Recognition: 3 theorem links
· Lean TheoremHuman-like Working Memory Interference in Large Language Models
Pith reviewed 2026-05-13 22:18 UTC · model grok-4.3
The pith
Large language models exhibit human-like working memory limits because they encode multiple items in entangled representations that require active suppression of irrelevant content.
A machine-rendered reading of the paper's core claim, the machinery that carries it, and where it could break.
Core claim
Pretrained LLMs reproduce the interference signatures of human working memory: accuracy declines with higher memory load and shows biases from recency and stimulus statistics. Across models, working memory capacity correlates with benchmark competence. Models converge on a shared mechanism in which multiple memory items are held in entangled representations rather than direct copies, so successful readout requires interference control that suppresses task-irrelevant content. A targeted intervention that suppresses stimulus content information raises performance, confirming that representational interference is the operative constraint.
What carries the argument
Representational interference, in which multiple memory items are encoded in entangled internal states so that recall requires active suppression of irrelevant content to isolate the target.
If this is right
- Performance drops as the number of items to remember increases.

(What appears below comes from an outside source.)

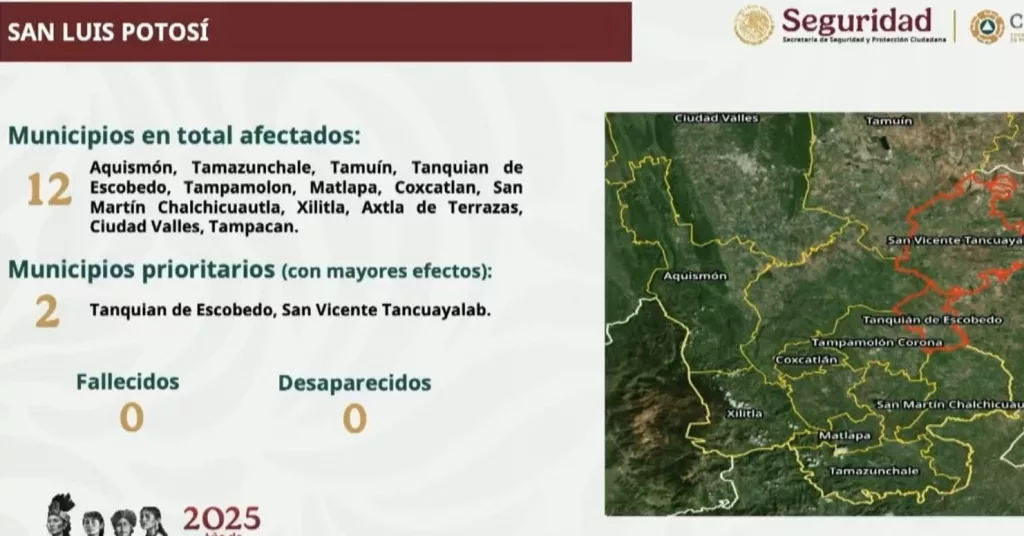 Según el reporte oficial, las zonas más afectadas fueron Tanquián de Escobedo y San Vicente Tancuayalab, junto con Aquismón, Tamazunchale, Tamuín, Tampamolón, Matlapa, Coxcatlán, San Martín Chalchicuautla, Xilitla, Axtla de Terrazas, Ciudad Valles y Tampacán.

- Recall is biased toward more recent or statistically frequent items.
- Models with higher working memory capacity score higher on standard language benchmarks.

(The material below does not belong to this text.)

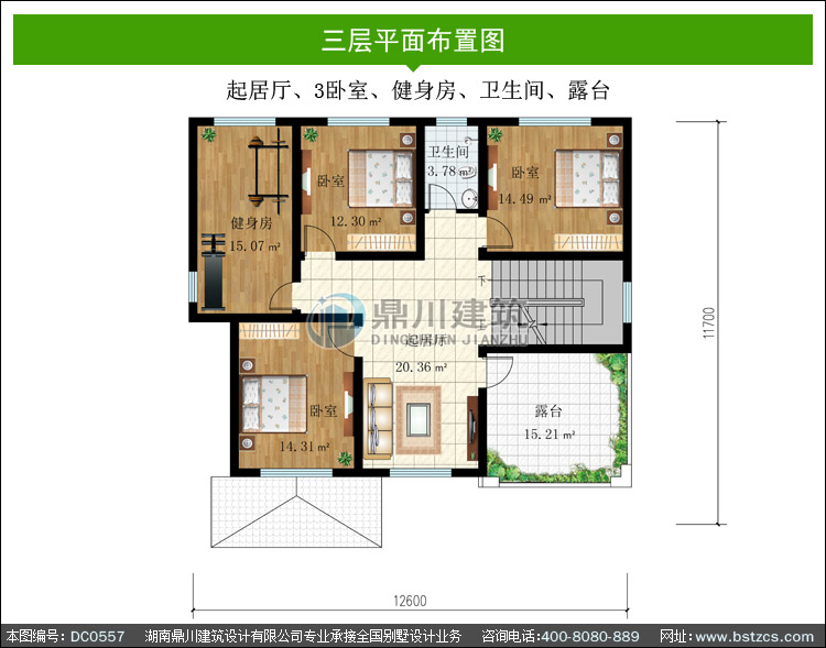 | 三 層: | 起居廳、3臥室、健身房、衛生間、露臺 | |||

- Suppressing irrelevant stimulus content in the model's representations improves recall accuracy.
- The same interference mechanism appears across different pretrained models despite variation in overall capacity.
Where Pith is reading between the lines
- Training methods that explicitly encourage disentangling of memory representations could raise capacity without larger models.

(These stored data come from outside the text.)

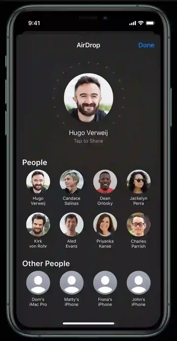 现在,苹果已公布的唯一采用了U1精确位置的功能就是判断另一台iPhone 11是否在附近(也许还能判断是否指向你的手机),然后把它放在AirDrop界面的最顶部。
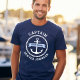 Camiseta azul marino con ancla náutica blanca rodeada de un borde de cuerda. Al otro lado del ancla hay una cinta azul claro con el nombre de tu barco. Agregue el título, por ejemplo capitán, en la parte superior y un nombre personalizado en la parte inferior.
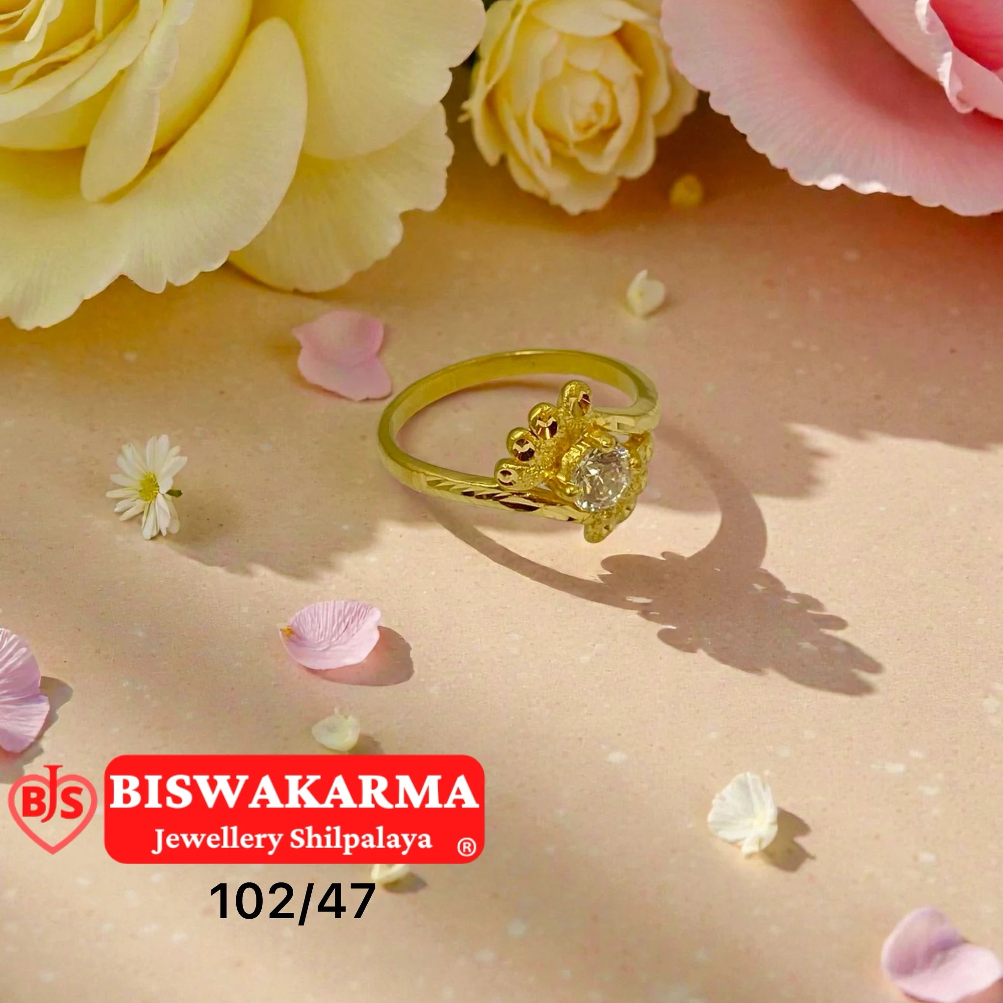 Elegant gold ladies ring with a crown-style raised setting, featuring a single diamond-finish stone. Fine cutwork, bead accents, and smooth polish give a refined handcrafted look.

- The same entanglement pattern may limit performance on multi-step reasoning or long-context tasks that are not explicitly labeled as memory tests.
- If the correlation with benchmarks holds, measuring working memory capacity on simple probes could serve as a cheap proxy for overall model competence.
- The finding suggests that scaling context length alone will not remove the limit unless the underlying representational overlap is also addressed.
Load-bearing premise
The tested working memory tasks and the interference patterns they produce in LLMs are valid stand-ins for human working memory processes.
What would settle it
Finding an LLM that maintains perfect accuracy on high-load tasks while showing no measurable suppression of irrelevant content in its activations, or showing that performance gains from the suppression intervention disappear under different task variants.
Figures
read the original abstract
Intelligent systems must maintain and manipulate task-relevant information online to adapt to dynamic environments and changing goals. This capacity, known as working memory, is fundamental to human reasoning and intelligence. Despite having on the order of 100 billion neurons, both biological and artificial systems exhibit limitations in working memory. This raises a key question: why do large language models (LLMs) show such limitations, given that transformers have full access to prior context through attention? We find that although a two-layer transformer can be trained to solve working memory tasks perfectly, a diverse set of pretrained LLMs continues to show working memory limitations. Notably, LLMs reproduce interference signatures observed in humans: performance degrades with increasing memory load and is biased by recency and stimulus statistics. Across models, stronger working memory capacity correlates with broader competence on standard benchmarks, mirroring its link to general intelligence in humans. Yet despite substantial variability in working memory performance, LLMs surprisingly converge on a common computational mechanism. Rather than directly copying the relevant memory item from context, models encode multiple memory items in entangled representations, such that successful recall depends on interference control -- actively suppressing task-irrelevant content to isolate the target for readout. Moreover, a targeted intervention that suppresses stimulus content information improves performance, providing causal support for representational interference. Together, these findings identify representational interference as a core constraint on working memory in pretrained LLMs, suggesting that working-memory limits in biological and artificial systems may reflect a shared computational challenge: selecting task-relevant information under interference.
Editorial analysis
A structured set of objections, weighed in public.
Referee Report
Summary. The paper claims that pretrained LLMs exhibit human-like working memory limitations arising from representational interference: multiple memory items are encoded in entangled representations rather than directly copied, so that successful recall requires active suppression of task-irrelevant content. Evidence includes performance degradation with load, recency and statistical biases, positive correlations between WM capacity and standard benchmarks across models, convergence on this mechanism, and causal improvement from a targeted intervention that suppresses stimulus content information.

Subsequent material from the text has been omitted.